— Dataset content —
-=-=-
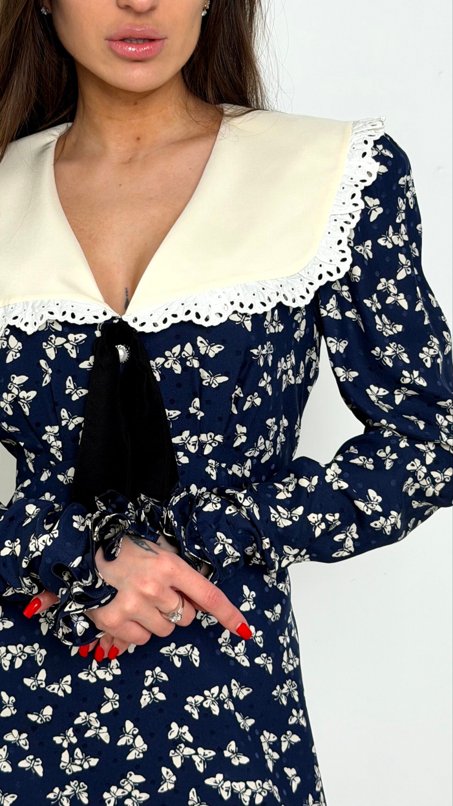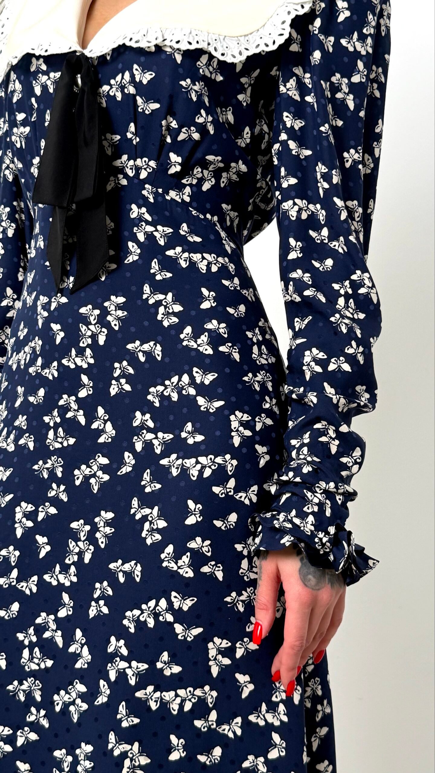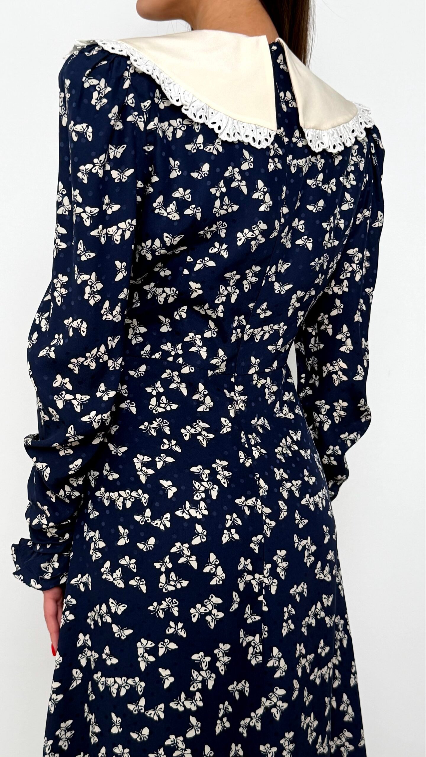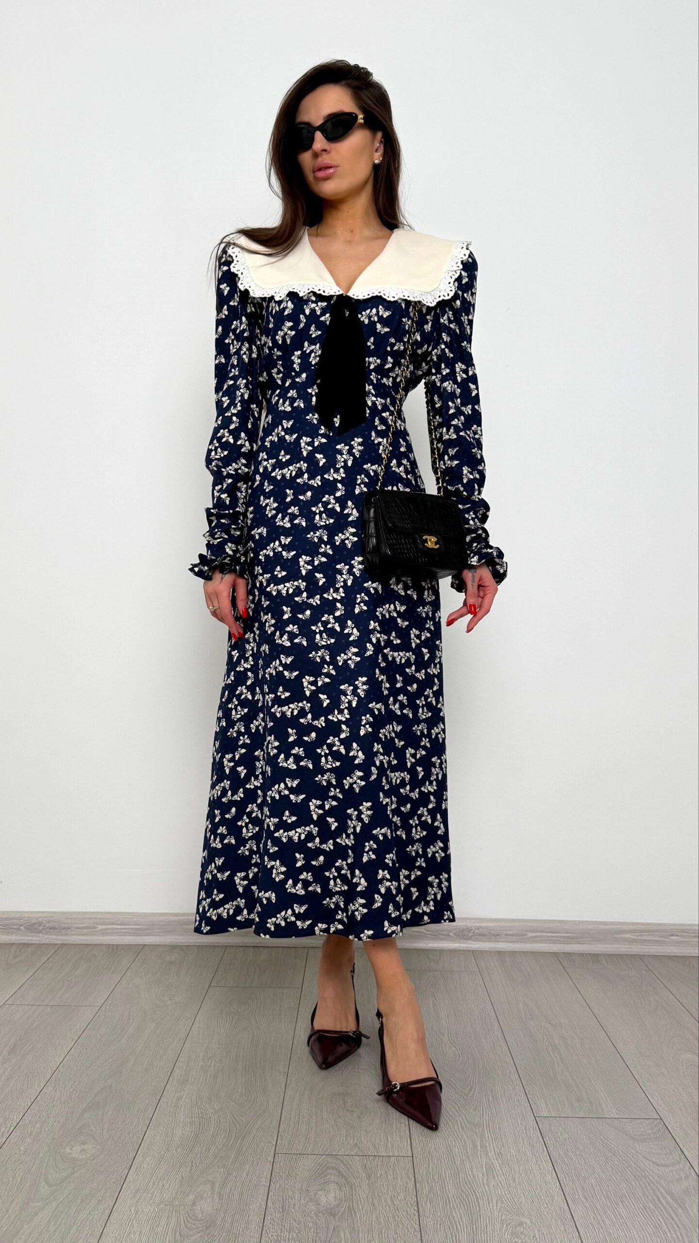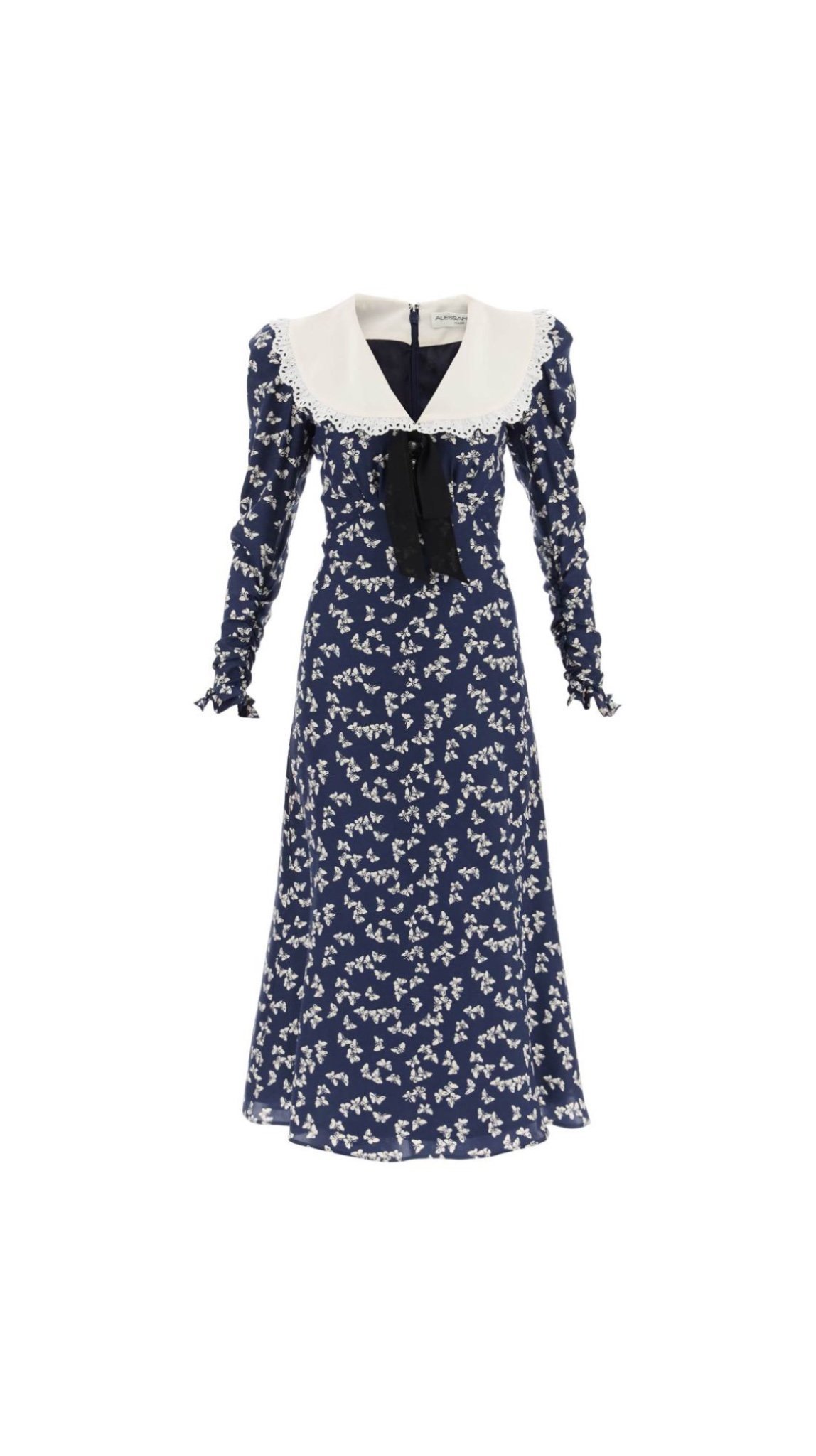 Витончена та жіночна сукня від італійського бренду Alessandra Rich — це втілення сучасної класики з вінтажним настроєм. Модель виконана з розкішного натурального шовку, що забезпечує неперевершену легкість та благородний вигляд.Широкий контрастний комір молочного кольору, оздоблений вишуканим мереживом, додає образу романтичності у стилі «ретро-шик». Приталений крій, що плавно переходить у вільну спідницю довжини міді, візуально витягує силует та підкреслює талію. Ця сукня ідеально поєднується як з класичними туфлями-човниками або слінгбеками, так і з лаконічними босоніжками.
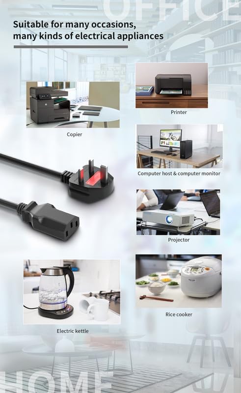 CYD 6FT IEC320 C13 to NEMA 5-15P Power Cord, 18AWG 10A/250V 3 Prong AC Cable, Universal Replacement Lead for PCs, Monitors, Printers, Projectors, TVs, Electronics, Black, Durable, Pack of 3
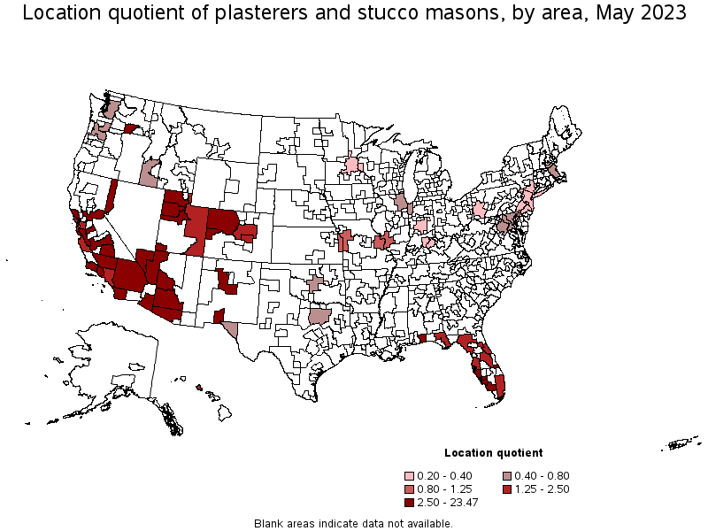 Metropolitan areas with the highest concentration of jobs and location quotients in Plasterers and Stucco Masons:
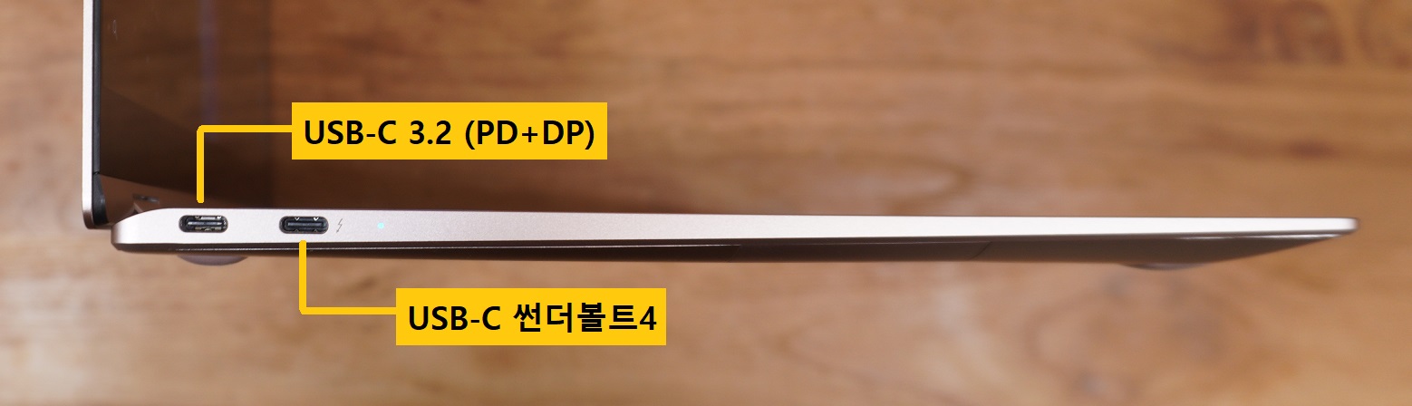 3개의 USB-C 중 썬더볼트4가 지원되는 것이 1개밖에 없다는 점은 아쉽지만, 이 역시 기분의 문제일 뿐이지, 썬더볼트4 기기를 2개 이상 동시에 연결해야 되는 상황이 머리에 잘 그려지지는 않네요. 참고로 3개의 USB-C 포트는 모두 PD 충전과 DP 출력이 지원됩니다.
-=-=-
— To do —
Beginning with the line that contains "Metropolitan areas with" and ending with the last line of the data, restate each line word for word. Exclude the pictures.

— Response to the task —
 Metropolitan areas with the highest concentration of jobs and location quotients in Plasterers and Stucco Masons:
 3개의 USB-C 중 썬더볼트4가 지원되는 것이 1개밖에 없다는 점은 아쉽지만, 이 역시 기분의 문제일 뿐이지, 썬더볼트4 기기를 2개 이상 동시에 연결해야 되는 상황이 머리에 잘 그려지지는 않네요. 참고로 3개의 USB-C 포트는 모두 PD 충전과 DP 출력이 지원됩니다.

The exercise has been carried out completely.